▶ [Records to use]
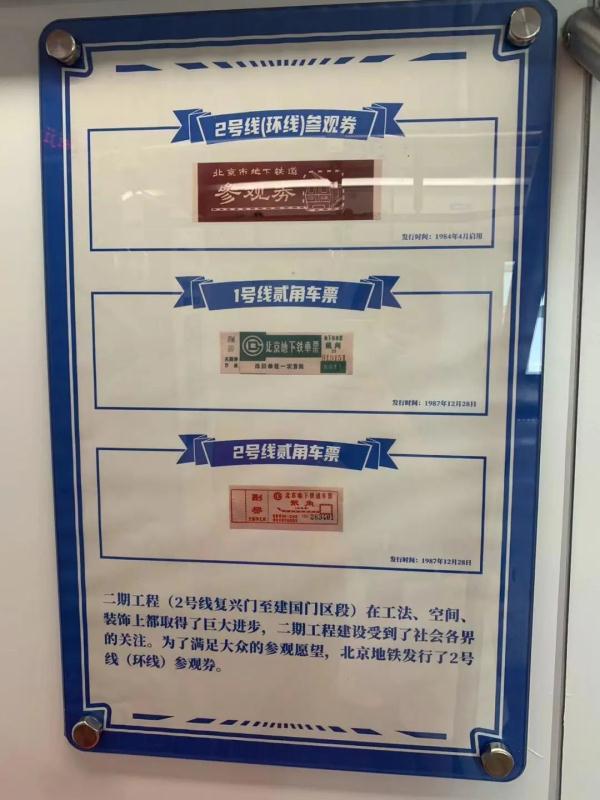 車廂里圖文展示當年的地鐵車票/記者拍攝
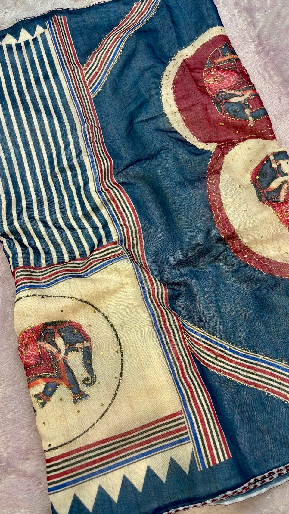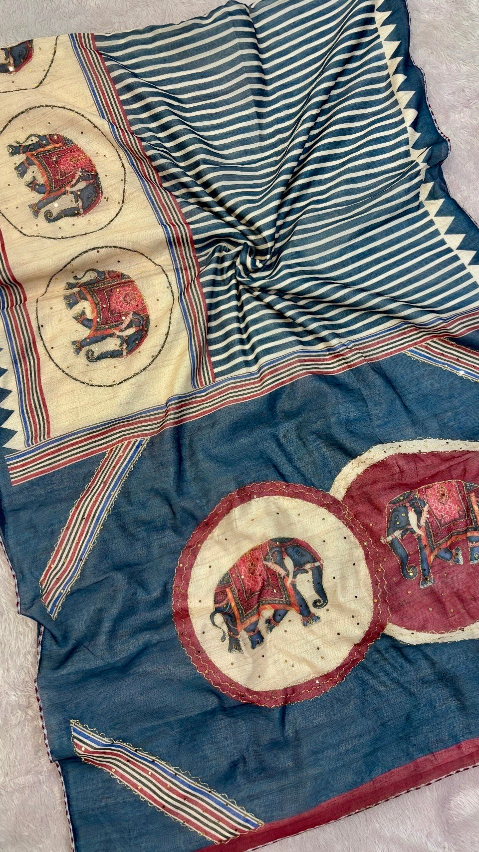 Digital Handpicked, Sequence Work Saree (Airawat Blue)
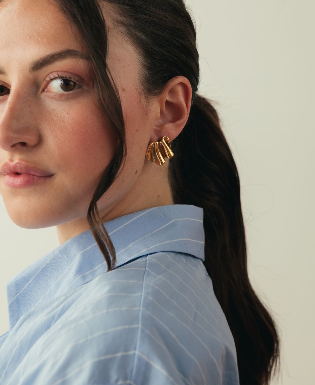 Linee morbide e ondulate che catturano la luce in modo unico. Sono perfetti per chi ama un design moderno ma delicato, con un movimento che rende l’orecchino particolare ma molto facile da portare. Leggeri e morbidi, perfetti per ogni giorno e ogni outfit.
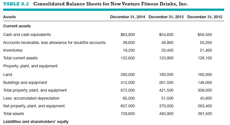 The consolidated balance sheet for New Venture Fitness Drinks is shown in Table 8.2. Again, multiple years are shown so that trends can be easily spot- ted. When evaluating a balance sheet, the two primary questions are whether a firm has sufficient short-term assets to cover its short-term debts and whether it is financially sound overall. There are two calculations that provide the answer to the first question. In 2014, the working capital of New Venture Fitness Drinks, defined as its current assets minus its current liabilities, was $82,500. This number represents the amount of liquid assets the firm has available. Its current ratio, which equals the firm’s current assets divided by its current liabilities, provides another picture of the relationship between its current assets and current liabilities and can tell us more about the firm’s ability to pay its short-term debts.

--

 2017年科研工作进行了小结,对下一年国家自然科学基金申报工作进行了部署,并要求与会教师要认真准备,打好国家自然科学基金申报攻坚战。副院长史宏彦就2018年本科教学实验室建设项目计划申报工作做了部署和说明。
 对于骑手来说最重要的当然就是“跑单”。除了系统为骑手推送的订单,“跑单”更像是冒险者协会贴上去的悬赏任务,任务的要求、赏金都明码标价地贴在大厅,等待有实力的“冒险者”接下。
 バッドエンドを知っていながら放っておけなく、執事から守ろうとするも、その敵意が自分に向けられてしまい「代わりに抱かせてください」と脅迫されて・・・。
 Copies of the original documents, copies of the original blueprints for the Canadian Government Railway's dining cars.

* * *

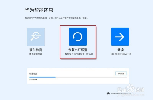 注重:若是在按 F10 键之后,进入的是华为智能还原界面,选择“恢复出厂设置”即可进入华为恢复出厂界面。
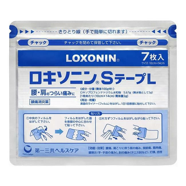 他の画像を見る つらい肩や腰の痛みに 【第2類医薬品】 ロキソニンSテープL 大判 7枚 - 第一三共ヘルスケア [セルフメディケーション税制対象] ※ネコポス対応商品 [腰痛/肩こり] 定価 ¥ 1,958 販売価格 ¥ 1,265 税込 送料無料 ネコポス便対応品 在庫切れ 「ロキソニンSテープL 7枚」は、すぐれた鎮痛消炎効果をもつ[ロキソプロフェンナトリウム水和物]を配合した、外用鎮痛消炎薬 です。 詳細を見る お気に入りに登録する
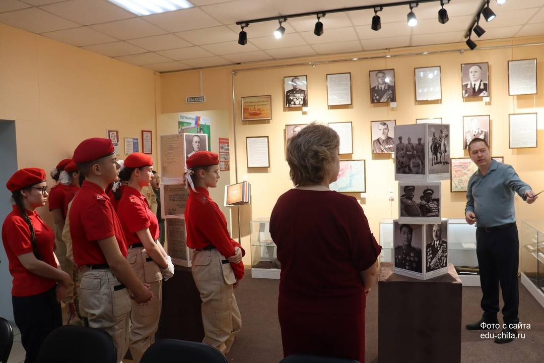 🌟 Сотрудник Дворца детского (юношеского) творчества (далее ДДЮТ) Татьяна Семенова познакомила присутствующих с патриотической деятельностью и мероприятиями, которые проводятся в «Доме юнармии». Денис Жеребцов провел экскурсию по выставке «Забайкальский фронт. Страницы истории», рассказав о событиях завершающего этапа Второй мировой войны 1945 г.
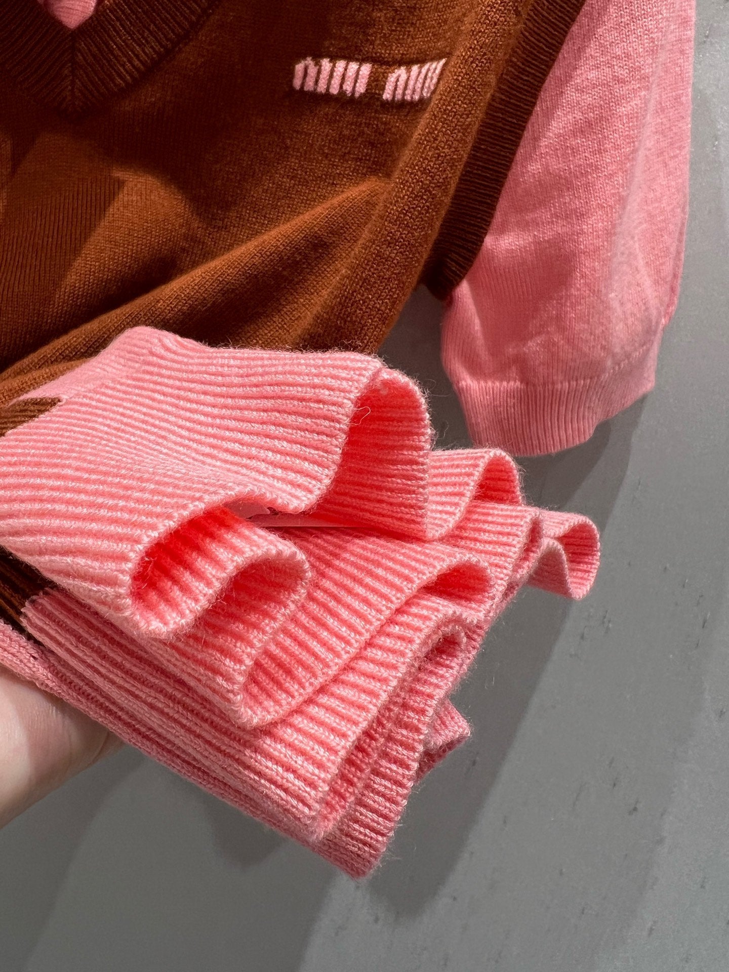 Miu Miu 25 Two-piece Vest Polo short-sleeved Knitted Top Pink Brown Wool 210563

▶ [What to do]
Nothing should appear in the answer except the lines above from the line with "バッドエンドを知っていながら" through the line with "Copies of the original documents, copies", both included, written out exactly.

▶ [Output for this task]
 バッドエンドを知っていながら放っておけなく、執事から守ろうとするも、その敵意が自分に向けられてしまい「代わりに抱かせてください」と脅迫されて・・・。
 Copies of the original documents, copies of the original blueprints for the Canadian Government Railway's dining cars.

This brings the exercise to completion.